On the news tonight,a chihuahua was attacked in Columbus Ohio,and had to be euthanized due to injuries. A weimeriner was attacked by 2 coyotes but survived. all 88 Ohio counties are reporting increasing coyote attacks,in broad daylight too. These attacks are in residential areas ,not rural since mast residential areas don't expect coyotes and typically have small defenseless dogs. One attack,two coyotes attacked after the 3rd one distracted the owner.... they're cunning that's for sure.

Also increasing are black vulture attacks.

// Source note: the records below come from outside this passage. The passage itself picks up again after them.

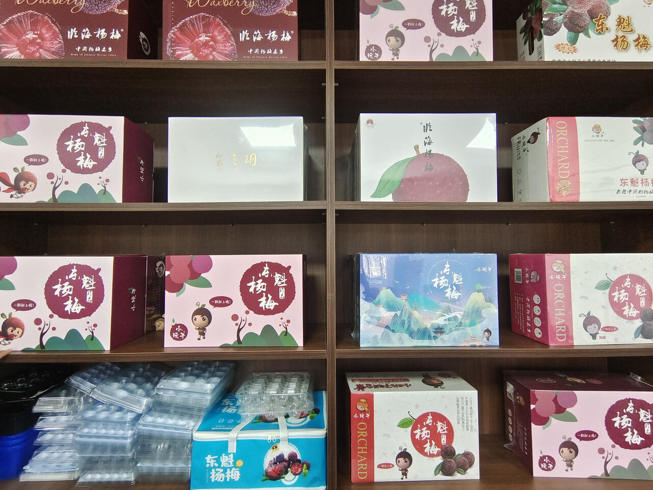 走进临海市小玩子水果合作社,一整面展示墙格外吸睛:从最初的杨梅实拍图,到神情灵动的卡通形象“梅妹”,一排排包装盒按年份陈列,勾勒出合作社的发展轨迹。
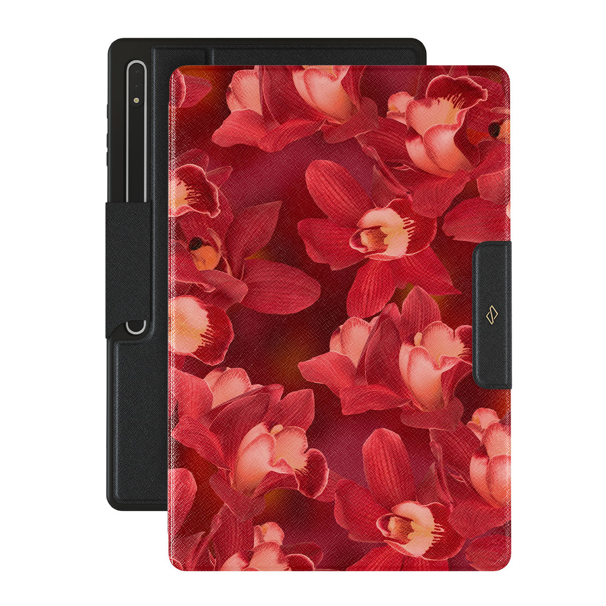 The deep red orchids emerge with a passionate intensity, evoking the fervor and depth of emotions that come with fully experiencing life. They are a vibrant call to embrace every heartbeat, to live deeply and love boldly. Discover the Goddess Energy Samsung Galaxy Tab S8 Ultra folio case design.
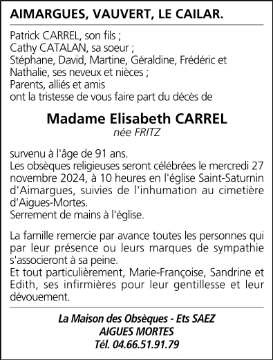 Décédée à Aimargues (30470, France) le vendredi 22 novembre 2024 à l'âge de 91 ans
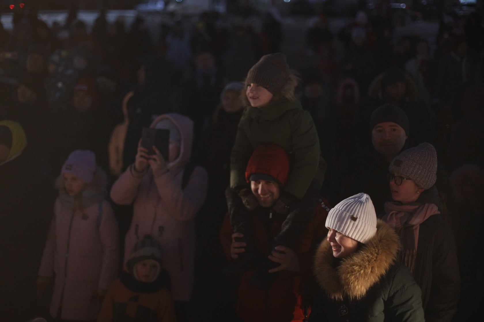 До найочікуванішої події – запалення новорічної ялинки – долучилися не лише найменші сєвєродончани, а й гості. Олександр Стрюк та пластуни допомогли малечі засвітити святкові яскраві вогники під радісні вигуки дітвори та навіть дорослих.
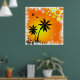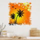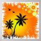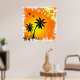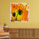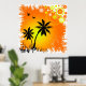 Illustration de coucher de soleil tropical avec décoration de palmier dans un cadre de grunge blanc
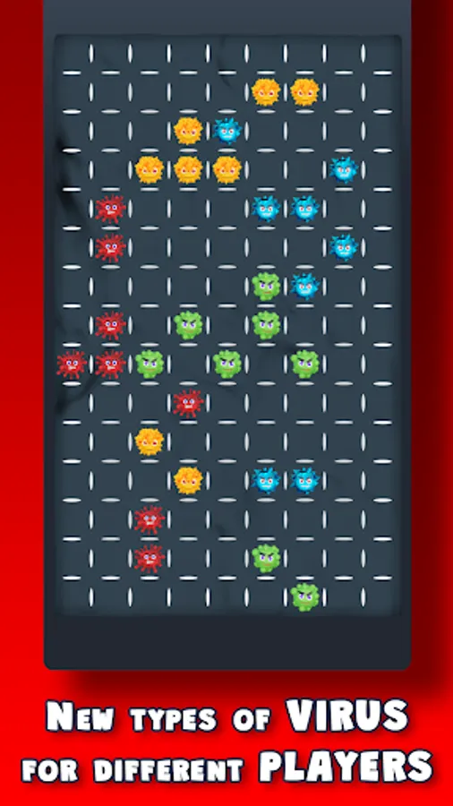 Four colors are utilized: Blue, Red, Green, and Yellow, each corresponding to a different virus. Players assume the role of these colorful viruses, aiming to construct chains to bolster their viral forces. By establishing chains, players harness the power of their viruses, subsequently enhancing their potential in combat against opposing viruses.
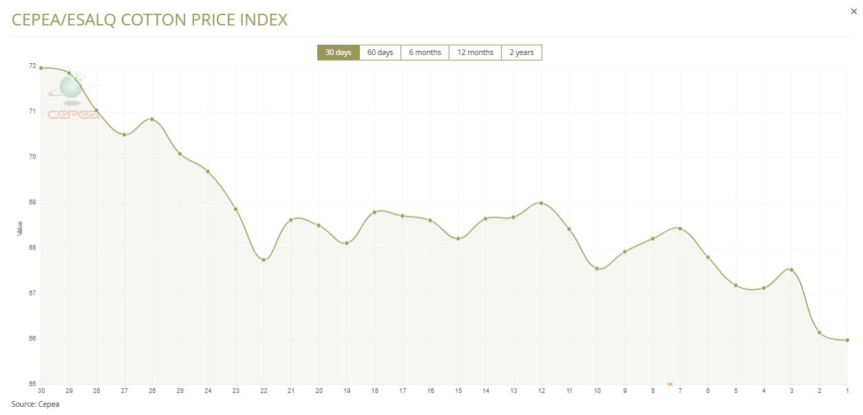 10月8日(周三),巴西CEPEA/ESALQ棉花價格指數(shù)報65.97美分/磅,較前一交易日下跌0.26%,較上月同期下跌3.59%。
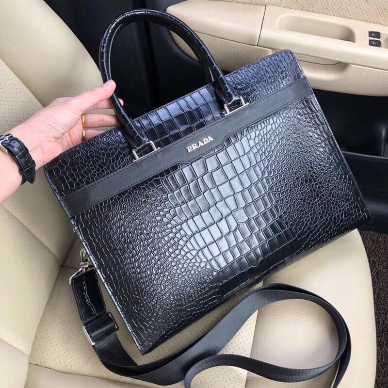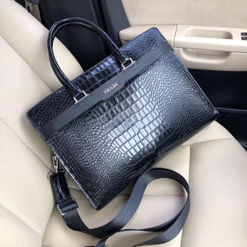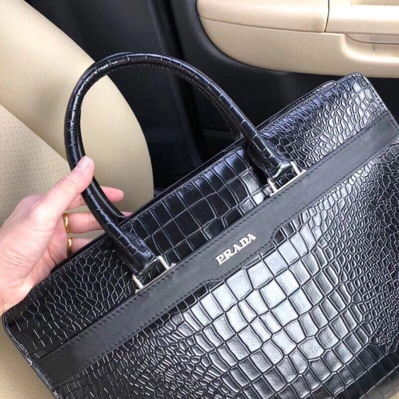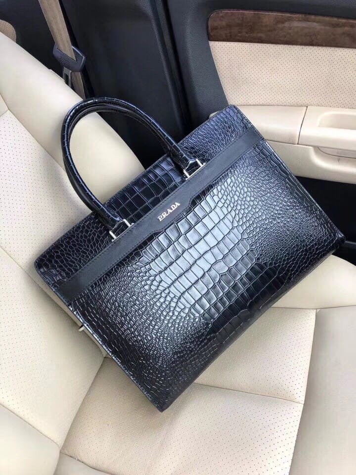 普拉达??最?爆款?男士商务?意大利??进口顶级牛皮压鳄鱼纹
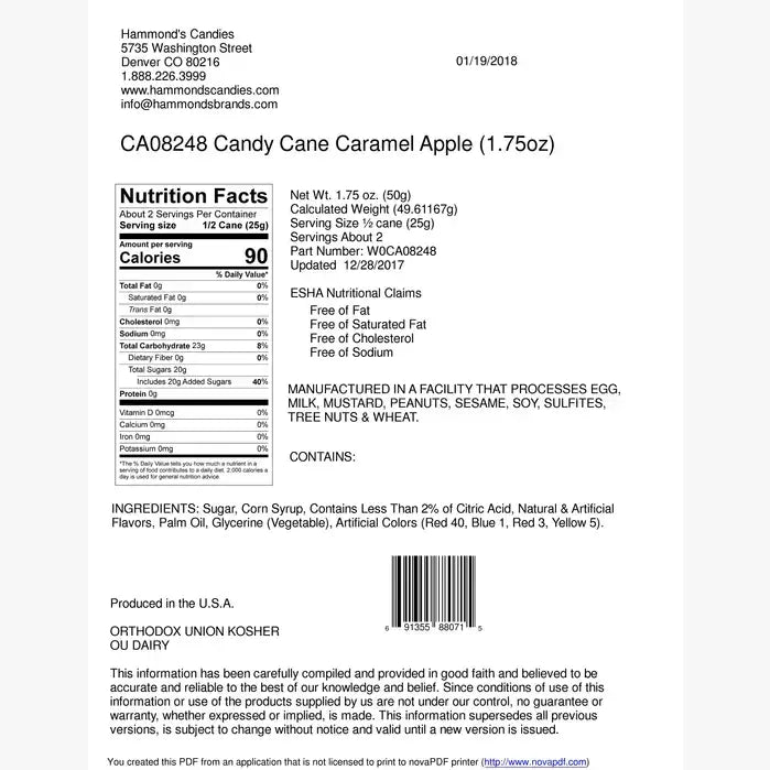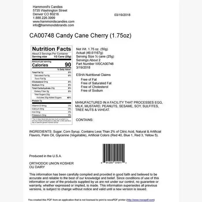 Details: • Fat-free, cholesterol-free, sodium-free, gluten-free • Approximately 8" from the crook of the candy cane to the end. • Hammond's candy canes are handmade, and the size may vary Made from scratch, we create prized confections by hand. We keep quality and freshness in mind when it comes to our ingredients. Our long-standing traditional recipes require only the highest quality ingredients. Our small batch candy is crafted with care to ensure bite-after-bite of pure, sweet, goodness. Locally sourced, when possible, the ingredients remain simple… Drizzle, dollop, dip and devour, hand pulled perfection that no one can resist.
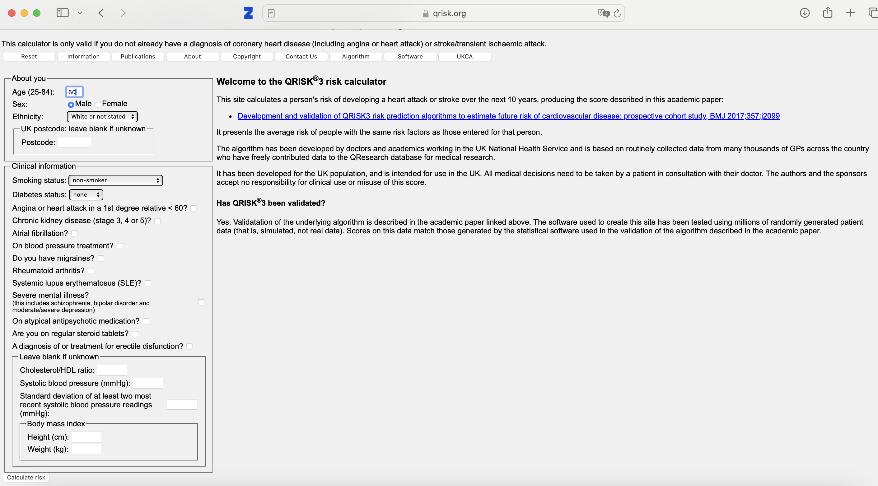 Qrisk3: a risk prediction model for cardiovascular events in the coming 10-years. Widely used in the United Kingdom for deciding which patients should get statins
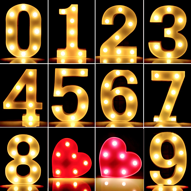 스몰 사이즈 led 디지털 영어 알파벳 램프 디지털 모델링 사진 소품 장식 파티 웨딩 램프
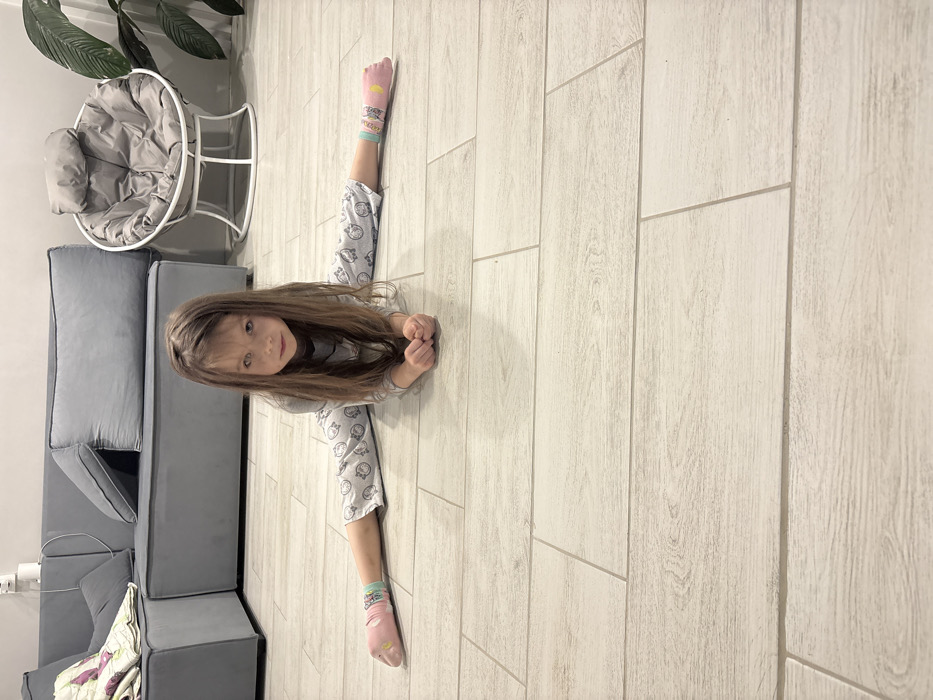 - "The image depicts a young female child performing a side split on a light-colored tiled floor within an indoor residential setting in Votkinsk, Russia" by FM-a9iVu2, licensed under CC BY 4.0
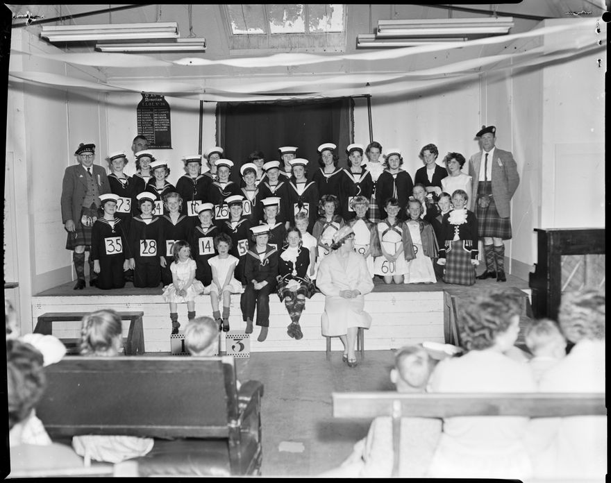 This image was not published in The Manawatu Evening Standard, taken on unknown date. “Unidentified group of children performing dressed in navy uniforms, nurses uniforms and some in Scottish kilts.”
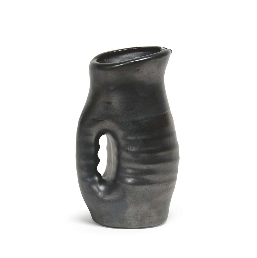 En faïence émaillée noir à reflets métalliques, le corps et la anse cannelés.
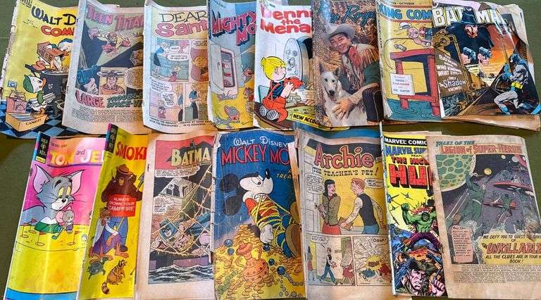 Comic books featuring diverse characters and publishers. Includes titles such as Batman, Marvel Super-Heroes, King Comics, Mighty Mouse, Walt Disney's Mickey Mouse, Dennis the Menace, and Archie. Covers and pages show evidence of wear, creases, and discoloration. Sold as a compilation from various publishers and issue numbers.
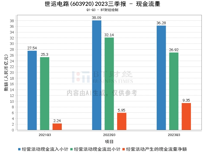 在现金流量方面,世运电路2023年三季度的经营活动产生的现金流量净额为9.35亿元,较上年同期的5.95亿元有大幅提升。经营活动现金流入小计为36.28亿元,较上年同期的38.09亿元有所下降。经营活动现金流出小计为26.92亿元,较上年同期的32.14亿元有所下降。这主要是因为增加用票据结算减少现金流出。
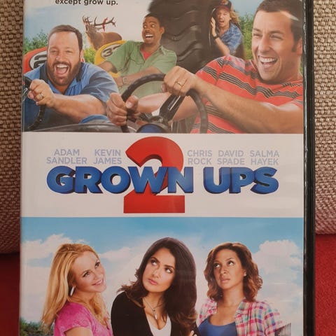 DVD-utgave av filmen Grown Ups 2 med Adam Sandler, Kevin James, Chris Rock og David Spade. Filmen er på engelsk og har undertekster på flere språk. Inneholder bonusmateriale og ekstramateriale. Passer for voksne seere.
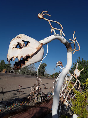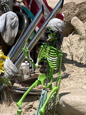 After slugging out a good chunk of writing, the brain can lock up and the body gets restless. When this happens, I get up and walk around; sometimes I cruise the garden, check out what the weird plants are up to; other times I walk up and down the hallway, into the kitchen and living room. There I can end up contemplating the masks and bookshelves, bringing back memories.
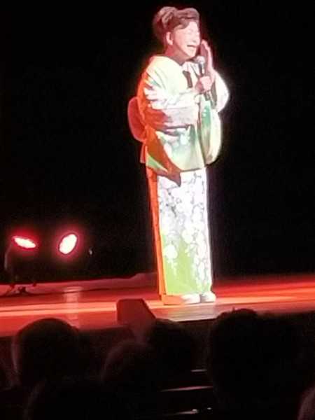 当確かの候補者の選挙事務所の前の大ホールで、チケットをいただき久しぶりの歌謡ショーへ。観客も半分くらいの入りで新曲「歌だよ!人生」ヒット曲「河内男節」などの中村美津子で前歌に4組、落語の三遊亭遊子師匠と賑やかに昭和演歌のパレードで、すっかり敬老会かのような雰囲気のご年配ばかりで前列から2番目の席は初めてかもで、左右11個のカラオケのスピーカ―で、オヒネリやお土産もそれぞれに結構あるもので、遠く歌手の出身地の青森県からも駆けつけておりファンとは本当にありがたきもの。故作曲家船村徹は刑務所を巡回して受刑者を励ましていたが、弟子の女性歌手が後を継いで全国77あり後5箇所と。プロで自分の歌だから歌詞を覚えるのは当然だろうが、今はモニター全盛なので見ながらも多いが役者の長くて多いセリフを覚えるのと同じで、数曲をといつもながら感心しながらの肌寒いナイト。

They seem to be migrating north for some reason. They are typically found in southern Ohio but are heading nor now.The difference between a black vulture and a turkey vulture is that a black vulture will kill live meat and eat it, whereas a turkey vulture will just find something that's already dead."
The black vulture is typically smaller than the native turkey vulture and has a grayish head, while the native vultures have red heads. The black's tail feathers are typically shorter than the native vulture's and the wings have white coloration at the tips. Turkey vulture's wings are brownish-black.
So more more stuff to be warry of.... Might have to keep the fluffs in an armoured car! Or hire a huge guard dog...


----------



## beckinwolf (Sep 2, 2008)

When I lived in Pennsylvania, near Pittsburgh, I had a cat that was nearly snatched up by a turkey vulture. It grabbed him by the neck and tried to take off. He was not a small cat either. He was around 10 or 11 pounds. He survived thankfully. Good ol' Chester. :wub:


----------



## CeeCee's Mom (Sep 14, 2006)

They seem to be everywhere. I read they were spotted in Central Park in NY last week. My daughter has a lot of coyotes spotted in her area and she has two Boston Terriers. They have just multiplied in the US greatly. Keep an eye on yours babies outside!!!


----------